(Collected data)
---

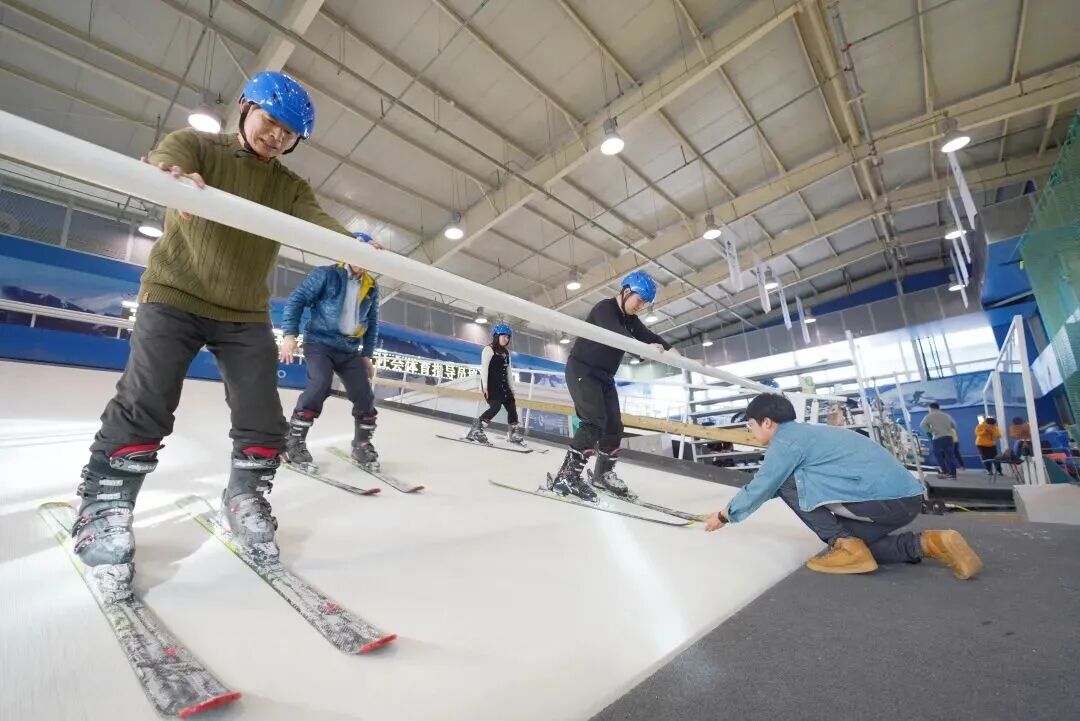 据了解,场馆占地面积1012平方米,高8米,配备4台原装欧洲进口的ARS高山滑雪回转训练设备,可模拟不同坡度和速度的滑雪场景,免去了换滑雪服、乘坐缆车的繁琐。馆内的高峰滑雪学校师资雄厚,不仅有国家队级别的教练亲自指导,还提供专业系统的一对一教学服务,滑雪教练全程陪同,可随时控制速度和坡度,帮助学习者在短时间内提升滑雪技能。同时,场馆防护设施完善,配备齐全的头盔、护具等,让不同年龄段的滑雪爱好者都能在安全的环境中,感受滑雪运动的激情与乐趣,成为冬夜释放活力的绝佳去处。
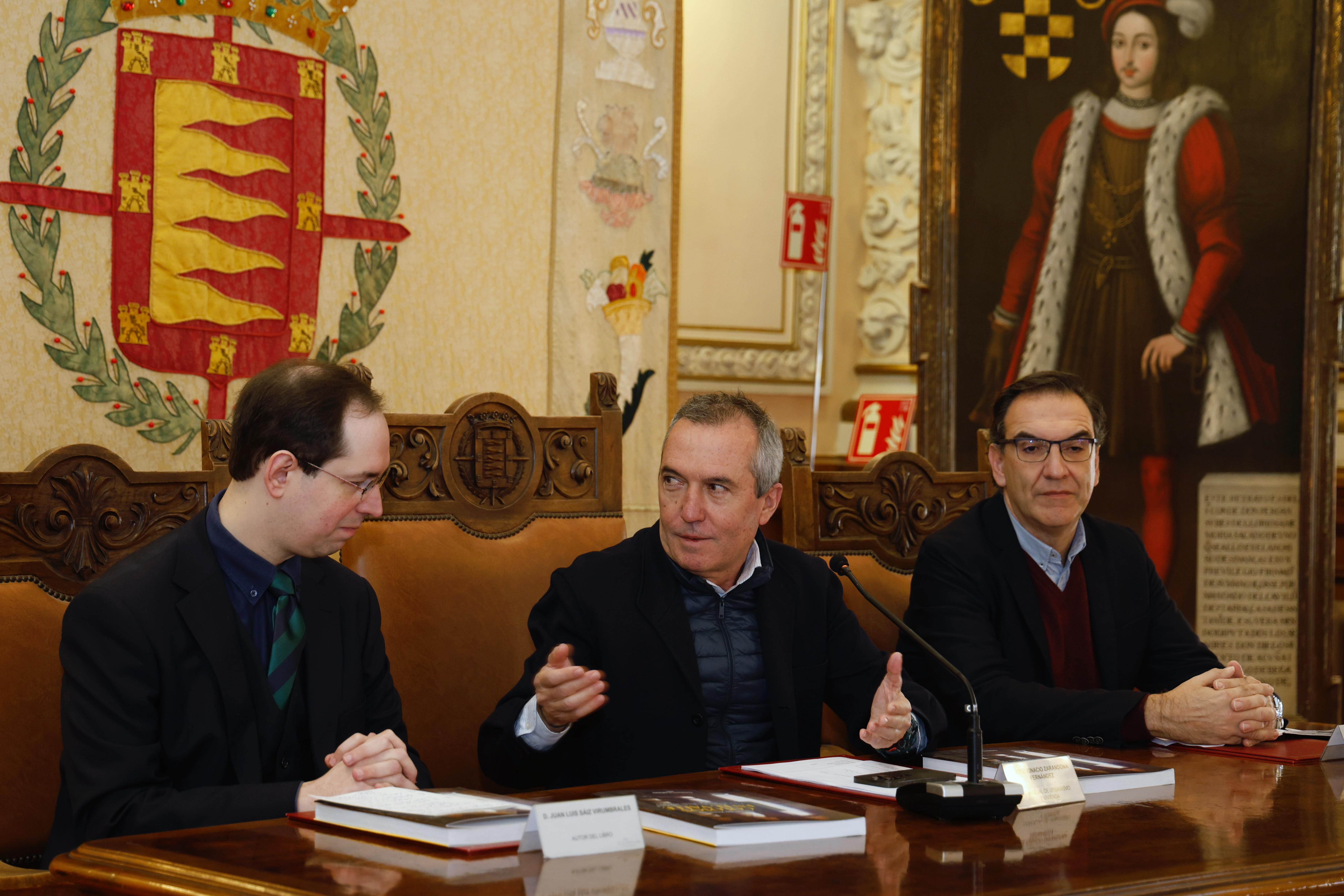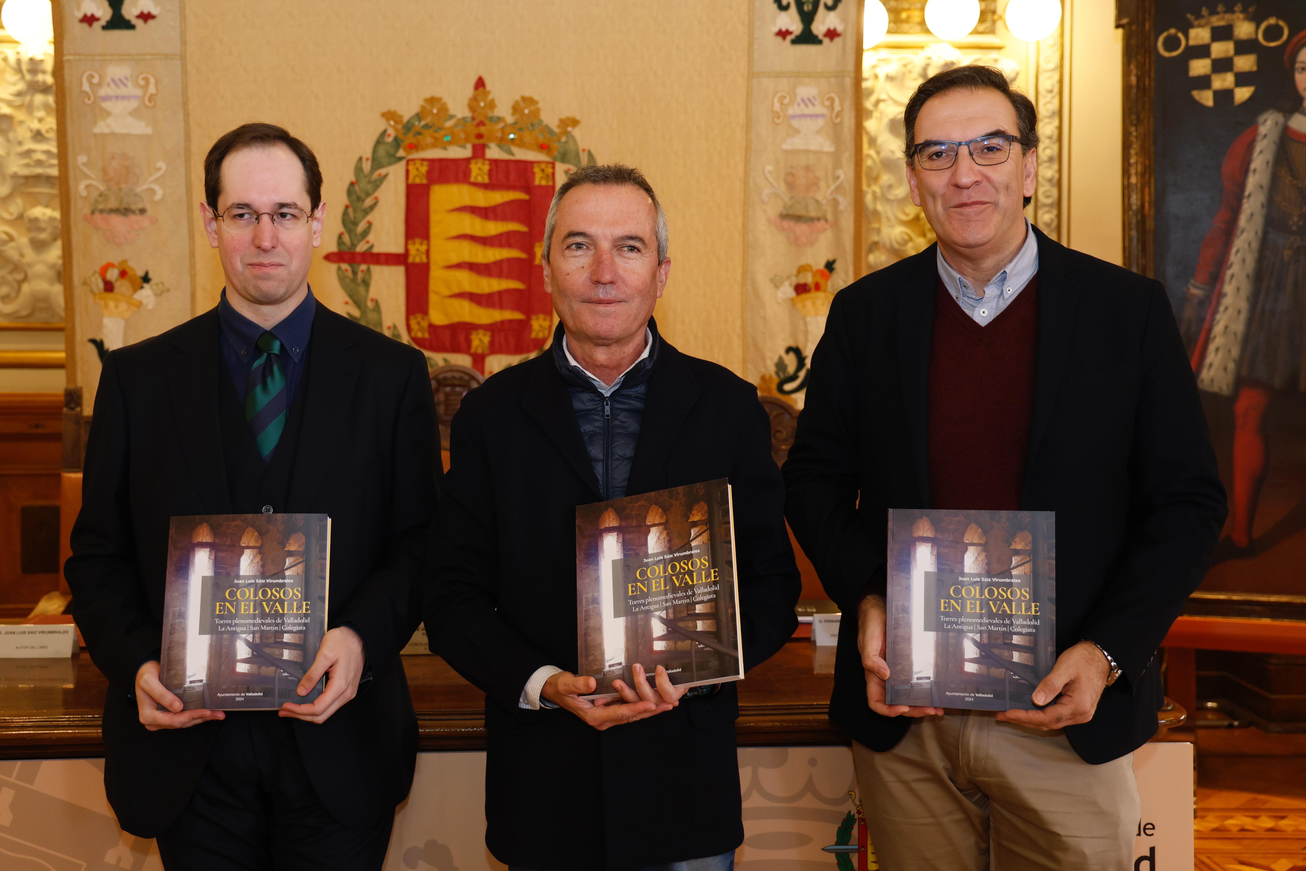 El concejal de Urbanismo y Vivienda, José Ignacio Zarandona, ha presentado esta mañana en el Salón de Recepciones de la Casa Consistorial la publicación ‘Colosos en el valle’, acompañado por su autor, el arquitecto Juan Luis Sáiz Virumbrales, y el prologuista Fernando Gutiérrez Baños.
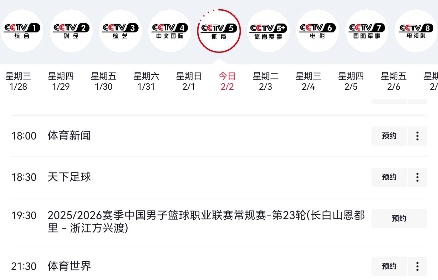 CBA schedule for today (2026.2.2): Zhejiang Fangxingdu versus Jilin Changbaishan, live on CCTV-5.
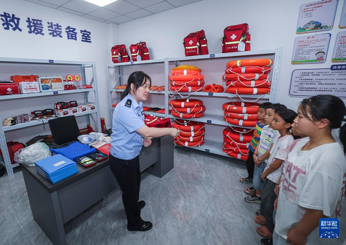 7月15日,在諸暨市安華鎮(zhèn)社會(huì)治理中心,安華鎮(zhèn)派出所民警為孩子們講解應(yīng)急救援裝備。(新華社記者 徐昱 攝)
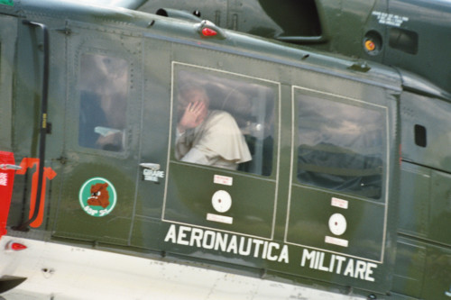 La partenza in elicottero di Papa Giovanni Paolo II da Pramarino in Val Visdende a seguito della sua visita
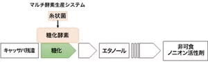 熱帯から亜熱帯で多く栽培されるイモ類であるキャッサバ(図1)は、根茎部分からデンプンを抽出した後に非可食の残渣が発生します。花王は、タイで大量に発生しているキャッサバ残渣に着目。30年以上にわたって培ってきた洗剤用酵素の知見を活用し、キャッサバ残渣中の糖の分解に最適な酵素(糖化酵素)を開発しています。また、糸状菌を用いて複数種類の酵素を同時に生産する技術も応用することで、キャッサバ残渣の分解に必要な複数の酵素をひとつの設備だけで製造する方法(マルチ酵素生産システム)を開発し、簡便に糖に分解できることを確認しています(図2)*2 。

---

TASK TO CARRY OUT: Leaving the pictures out, set down all of the data again exactly.

EXERCISE OUTPUT:
 据了解,场馆占地面积1012平方米,高8米,配备4台原装欧洲进口的ARS高山滑雪回转训练设备,可模拟不同坡度和速度的滑雪场景,免去了换滑雪服、乘坐缆车的繁琐。馆内的高峰滑雪学校师资雄厚,不仅有国家队级别的教练亲自指导,还提供专业系统的一对一教学服务,滑雪教练全程陪同,可随时控制速度和坡度,帮助学习者在短时间内提升滑雪技能。同时,场馆防护设施完善,配备齐全的头盔、护具等,让不同年龄段的滑雪爱好者都能在安全的环境中,感受滑雪运动的激情与乐趣,成为冬夜释放活力的绝佳去处。
 El concejal de Urbanismo y Vivienda, José Ignacio Zarandona, ha presentado esta mañana en el Salón de Recepciones de la Casa Consistorial la publicación ‘Colosos en el valle’, acompañado por su autor, el arquitecto Juan Luis Sáiz Virumbrales, y el prologuista Fernando Gutiérrez Baños.
 CBA schedule for today (2026.2.2): Zhejiang Fangxingdu versus Jilin Changbaishan, live on CCTV-5.
 7月15日,在諸暨市安華鎮(zhèn)社會(huì)治理中心,安華鎮(zhèn)派出所民警為孩子們講解應(yīng)急救援裝備。(新華社記者 徐昱 攝)
 La partenza in elicottero di Papa Giovanni Paolo II da Pramarino in Val Visdende a seguito della sua visita
 熱帯から亜熱帯で多く栽培されるイモ類であるキャッサバ(図1)は、根茎部分からデンプンを抽出した後に非可食の残渣が発生します。花王は、タイで大量に発生しているキャッサバ残渣に着目。30年以上にわたって培ってきた洗剤用酵素の知見を活用し、キャッサバ残渣中の糖の分解に最適な酵素(糖化酵素)を開発しています。また、糸状菌を用いて複数種類の酵素を同時に生産する技術も応用することで、キャッサバ残渣の分解に必要な複数の酵素をひとつの設備だけで製造する方法(マルチ酵素生産システム)を開発し、簡便に糖に分解できることを確認しています(図2)*2 。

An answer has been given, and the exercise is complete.